How Labour councils are working to support the armed forces community

Andy Newman

As we approach Armed Forces Day, I’m struck by a contrast. On the one hand, the complete failure of the government to live up to the promises they made to veterans in their 2019 manifesto, including the completely ineffective office for veterans affairs, set up under the Conservatives, which hit the headlines when minister Johnny Mercer resigned, accusing the government of a complete lack of action in supporting veterans. On the other, the prevailing view of many that – despite the fact that since 2010 the Tory government has inflicted huge cuts to the military, made thousands of redundancies, inflicted pay freezes and forced many on to lower pensions – somehow the Tories remain the party that supports the military.

The armed forces covenant is not currently enshrined in law, but even as moves are made to do so the wording of the armed forces covenant is such that it allows for wide variations in its interpretation. When this is combined with years of government austerity, seeing billions of pounds worth of cuts to local authority budgets since 2010, it results in many local authorities concentrating primarily on their statutory services. Yet while the government loudly shouts about its hollow support for our armed forces community, silently, in the background, at a local level and despite the ruthless austerity forced onto them, many Labour-controlled local authorities have been at the forefront of developing good-quality local armed forces community support packages.
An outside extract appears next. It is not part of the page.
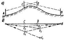 Рис. 3.2. Схема вешения линии А способом на себя: а - профиль; б - план 3.1.11. Прокладка на местности прямых линий трассы и осей инженерных сооружений начинается с вешения и линейных измерений. 3.1.12. Вешение выполняется на глаз при помощи бинокля или теодолита. Вешение ведется способом на себя. 3.1.13. Для вешения линии АВ (рис. 3.2) способом на себя наблюдатель встает в точке А. По его указанию рабочий устанавливает веху l на линии АВ и створе с вехой в точке В, затем веху 2 в створе с вехами в точках l и В и т.д. После установки всех вех производится проверка: наблюдатель встает за вехой А приблизительно в 5 м на продолжении линии АВ и смотрит, закрывают ли вехи одна другую, при отклонении их положение исправляют. 3.1.14. Вешение через холм (рис. 3.3) производится последовательными перемещениями наблюдателя и его помощника: наблюдатель встает в точку d1 и устанавливает помощника и точку c1 в створ линии d1А. Затем помощник перемещает наблюдателя из точки d1 в точку d2 в створ линии c1В. После этого наблюдатель перемещает помощника в точку c2 в створ линии d2А и так до тех пор, пока точки D и С не окажутся в створе линии АВ. 3.1.15. Вешение линии АВ через овраг (рис. 3.4) целесообразно выполнять при помощи теодолита. Устанавливают теодолит и рабочее положение в точке А и наводят зрительную трубу на веху в точке В. Наклоняя зрительную трубу, последовательно устанавливают вехи в точках 1; 2; 3; 4; 5; 6. В случае отсутствия видимости некоторых точек при положении теодолита в точке А его переносят в точку В и, повторяя те же действия, устанавливают вехи в точках, не просматриваемых из первоначального положения. 3.1.16. Восстановление пикетажа ведется от начала трассы или от последнего пикета ранее восстановленного участка. При этом закрепляются все пикеты и плюсы запроектированного продольного профиля. 3.1.17. При смыкании и встрече противоположных ходов допускаются «рубленые» пикеты длиной 50-150 м. На их фиксацию должно быть уделено особое внимание.

My own local authority, North Tyneside, with no support from central government, took to creating an outstanding armed forces community support package. This was led by mayor Norma Redfern and the previous veterans champion councillor Gary Bell. North Tyneside’s armed forces community offer includes dedicated support workers, enhanced gym membership, enhanced housing offers, strong links to local charities and a guaranteed interview scheme for veterans. This ensures that at a local level, veterans in North Tyneside are giving the support they need whether they are in service, transitioning to civilian life or a veteran regardless of how long they have been discharged.

It’s not just North Tyneside Council. Some Labour-controlled authorities have adopted parts of our veterans policy, while others have provided their own unique dedicated armed forces community services. Liverpool Council’s incredible networking with third-party organisations has helped to create the UK’s first veterans hub (veterans HQ, a collaboration between the council and a number of charities). South Tyneside’s dedicated veterans move on accommodation consists of nine spacious one and two-bedroomed furnished flats, which are made affordable for rent to ex-servicemen and women as they leave the forces. There are just some of the schemes that have been developed by Labour councils, although there are many more.

It’s not just a case of supporting veterans at a local level either: local councils can also campaign for changes in policy at a national level. Former infantry soldier and trade unionist David McMullen has campaigned tirelessly in support of our Commonwealth veterans. Currently Commonwealth veterans must pay just under £2,500 to remain in the UK after their service is complete: this is per person, so a family of four would need to pay just under £10,000 to remain in the UK.

Labour Friends of the Forces decided to join David in his campaign and produced a motion that could be presented by local Labour groups to their respective councils. This called for Commonwealth veterans to receive free indefinite leave to remain in the UK after four years of service and full citizenship after 12 years of service. Over 30 local Labour groups presented and successfully passed this motion in their local authorities.

The government, bowing to pressure, has decided to introduce a phased discount starting at four years’ service and finishing with a 100% discount on fees after 12 years. Whilst this falls short of what we call for, it shows that not only can pressure from local authorities contribute to changing national policy regarding our armed forces community, but also that it is Labour groups at the forefront of that fight.

During the Covid pandemic, our armed forces have once again shown how vital they are to the nation. I hope that Labour Friends of the Forces can become a networking hub, sharing ideas and best practices for improved services throughout our movement, while also campaigning for improvements for our armed forces community at a national level. Most importantly as we approach Armed Forces Day, I hope that Labour Friends of the Forces can highlight the already excellent work that many Labour-controlled local authorities have done in supporting our armed forces community.